I have a number of CSV files with x, y, and z coordinates. These coordinates are not long/lat, but rather a distance from an origin. So within the CSV, there is a 0,0 origin, and all other x, y locations are a distance from that origin point in meters.
The x, and y values will be both negative and positive float values. The largest file I have is ~1.4 million data points, the smallest is ~20k.
The files represent an irregular shaped map of sorts. The distance values will not produce a uniform shape such as a rectangle, circle, etc.
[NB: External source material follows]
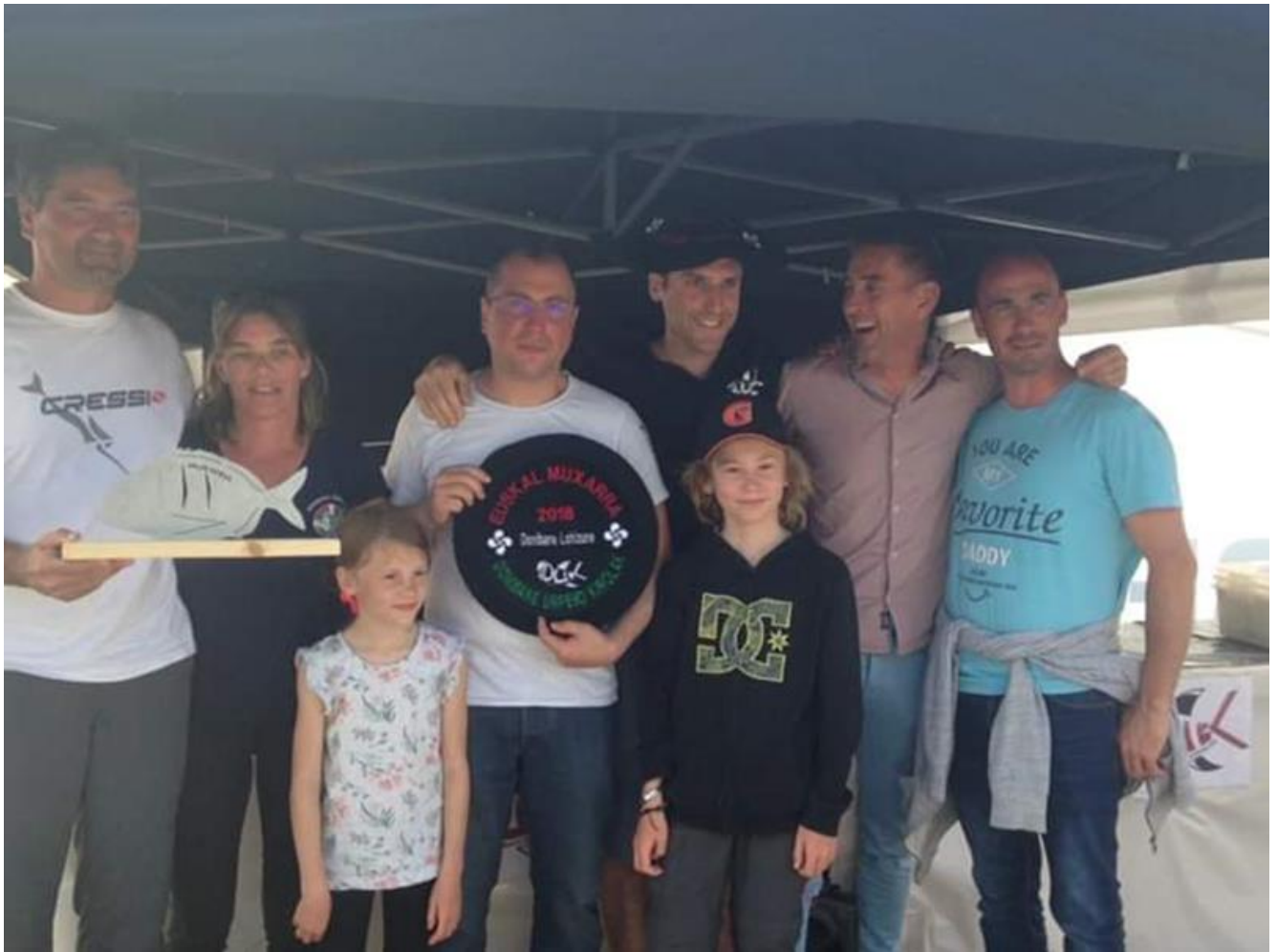
Photo du podium de la 2 ème édition de l'Euskal Muxarra

C'est avec plaisir que nous vous accueillerons à Saint-Jean-de-Luz, le dimanche 9 juin pour ce trophée.

I need to generate a bounding box that fits the most area within the values that are contained within the csv files.
logically, here are the steps I want to take.
- Read the points from the file
- Get the minimum and maximum x coordinates
- get the minimum and maximum y coordinates.
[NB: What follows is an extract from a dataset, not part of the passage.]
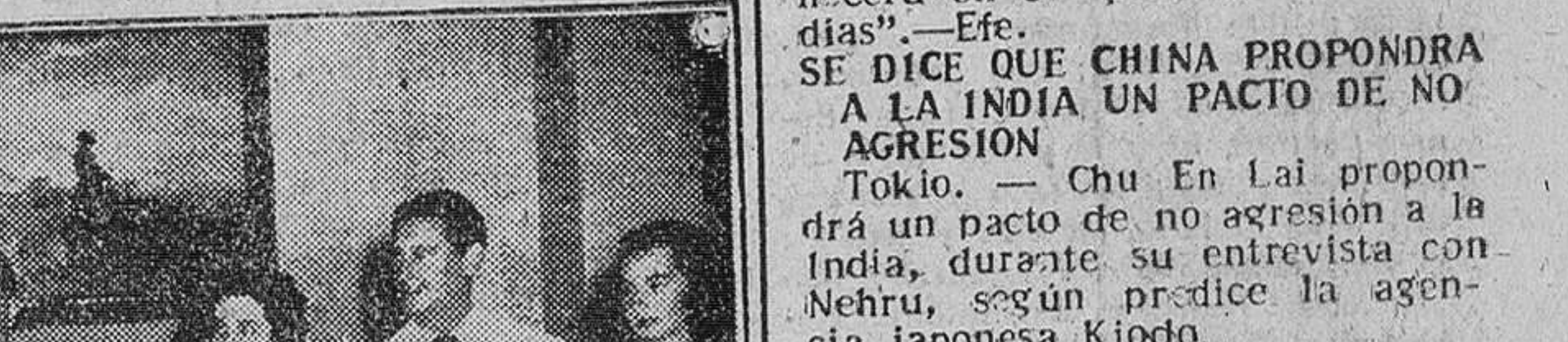
La Habana. — Los marqueses de Villaverde, acompañados de los embajadores de España, señores de Lojendio y otras personalidades, durante la recepción celebrada en la Embajada española, con ocasión de la llegada a la capital de Cuba de los hijos de Su Excelencia el Jefe del Estado español.

- Use min/max coordinates to get a bounding rectangle with (xmin,ymin), (xmax,ymin), (xmin,ymax) and (xmax,ymax) that will contain the entirety of the values of the CSV file.
- Create a grid across that rectangle with a 1 m resolution. Set that grid as a boolean array for the occupancy.
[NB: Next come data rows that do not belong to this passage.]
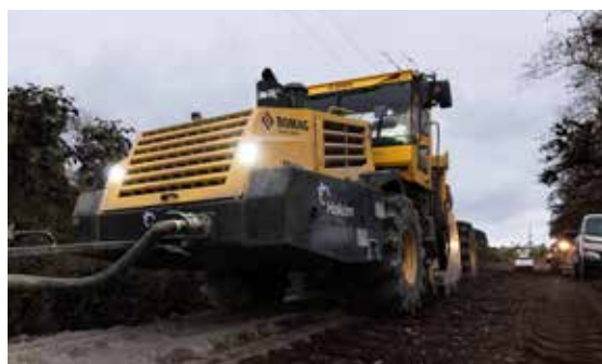
Un factor diferenciador de nuestros procesos de pavimentación es el uso de equipos de última tecnología.
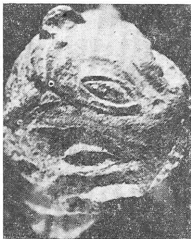
Fig. 2. Detaliu : exuvia leonis privită de sus.

În ansamblu, lucrarea este executată cu acuratețe, bine proporționată, acordîndu-se o atenție deosebită detaliilor. Trăsăturile particulare ale acestei sculpturi sînt o dovadă în plus în demonstrarea caracterului artei în Dobrogea romană.
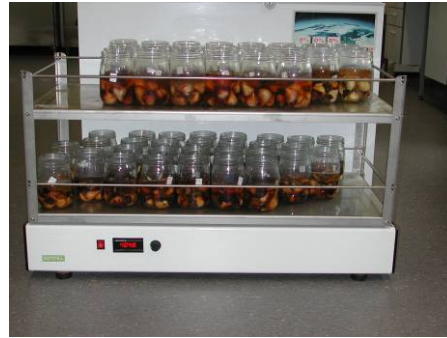
Figuur 2 Schudmachine voor schudden van bolmonster

- Round the map coordinates to the nearest integer.
- For every rounded map coordinate switch the occupancy to True.
- Use a morphological filter to erode the edges of the occupancy map.
- Now when a point is selected check the nearest integer value and whether it falls within the occupancy map.
I'm facing multiple issues, but thus far my biggest issue is memory resources. for some reason this script keeps dying with a SIGKILL, or at least I think that is what is occuring.
class GridBuilder:
"""_"""
def __init__(self, filename, search_radius) -> None:
"""..."""
self.filename = filename
self.search_radius = search_radius
self.load_map()
self.process_points()
def load_map(self):
"""..."""
data = np.loadtxt(self.filename, delimiter=",")
self.x_coord = data[:, 0]
self.y_coord = data[:, 1]
self.z_coord = data[:, 2]
def process_points(self):
"""..."""
min_x = math.floor(np.min(self.x_coord))
min_y = math.floor(np.min(self.y_coord))
max_x = math.floor(np.max(self.x_coord))
max_y = math.floor(np.max(self.y_coord))
int_x_coord = np.floor(self.x_coord).astype(np.int32)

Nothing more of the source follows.